Le conocí en San Francisco. A lo largo de una cena regada por una cantidad alarmante de vino de Borgoña, el seguía lúcido, y me dio el visto bueno para dirigir un documental sobre él y su amigo el poeta Gary Snyder. Un año después, cuando se estrenó la película en el Festival Lumière, en Lyon, me confesó que aquella noche en California decidió trabajar conmigo por una razón. Me había preguntado qué era lo que más me gustaba del poeta Federico García Lorca, y le había respondido que la dureza, la mezcla de una sensibilidad única combinada con una actitud realista y implacable con respecto a la vida. Le di la definición escueta del duende lorquiano: "Es, en suma, el espíritu de la tierra".

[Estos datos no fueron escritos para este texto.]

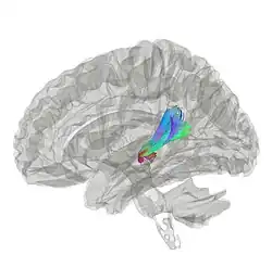 The acoustic radiations or auditory radiations are structures found in the brain, in the ventral cochlear pathway, a part of the auditory system.[1][2] Acoustic radiation arising in the medial geniculate nucleus and end in primary auditory cortex (transverse temporal gyri). Lesions to the auditory radiations could be a cause of cortical deafness.[3]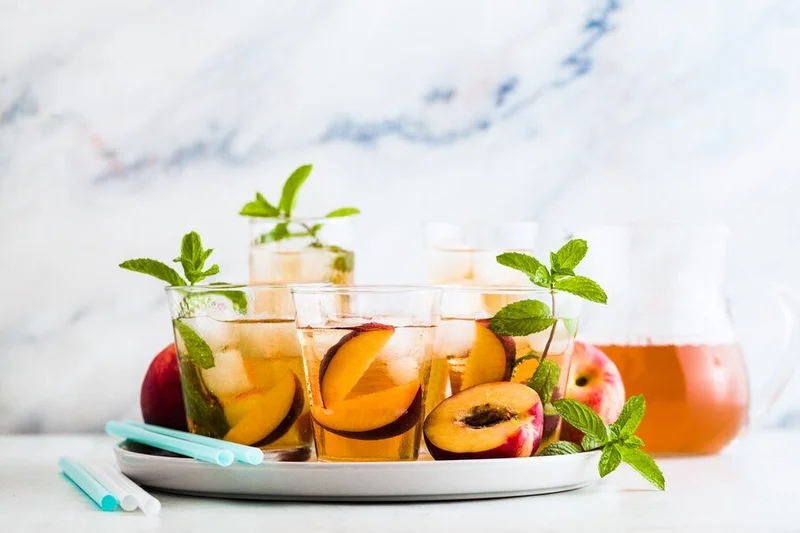 Рецепт холодного чая с персиком и чабрецом в домашних условиях Прохладительные напитки можно делать самому. Еда и рецепты 13 141

Ese era el espíritu que Jim Harrison llevaba dentro. Dijo una vez, "he aprendido que no puedo estar bien en mi propia piel, mi auténtica casa, cuando estoy distraído pensando en otro lugar. Tienes que encontrarte donde estás, donde estás ya, en el mundo que te rodea". Su lugares favoritos en este mundo eran, Michigan, Montana, Nueva México, Francia y España. Le encantaba la poesía de Antonio Machado, y había hecho peregrinajes a Colliure para visitar su tumba. Hace solo 10 días hablaba con ilusión del viaje que tenía pendiente esta primavera a París y a Sevilla.

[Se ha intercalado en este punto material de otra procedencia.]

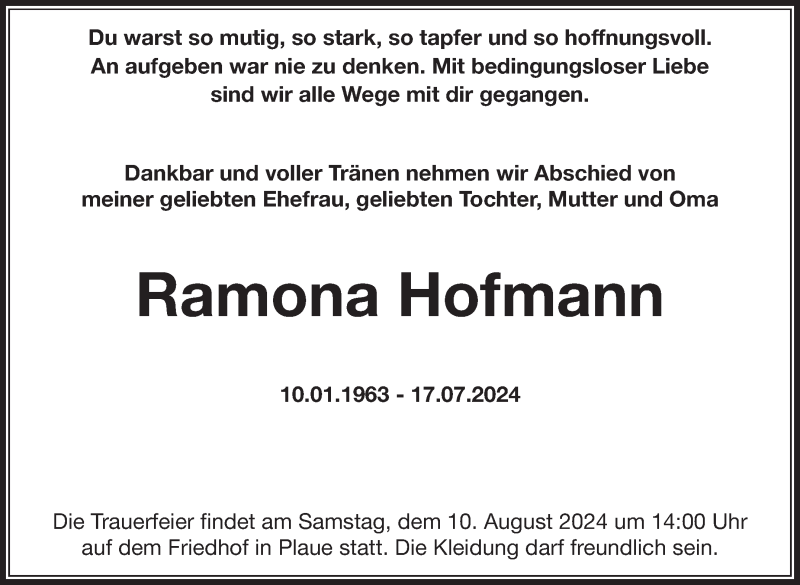 Hier finden Sie alle Traueranzeigen aus der Zeitung, die bisher für Ramona Hofmann erschienen sind. Weitere Traueranzeigen, die in der Zeitung erscheinen, werden hier ebenfalls aufgelistet

La muerte de Linda, su mujer, el año pasado le hundió, pero seguía escribiendo. Decía que tenía que escribir para mantener su apego a la realidad. Quería con lealtad y pasión: a sus hijos, a sus perros, a sus amigos. Iba de duro, era resistente a todo, pero tras esa actitud autoprotectora había una sensibilidad profunda. Estaba orgulloso de haber podido mantener a su familia a base de su talento literario. Despreciaba a los escritores que buscaban cobijo dando clases de creative writing en las universidades.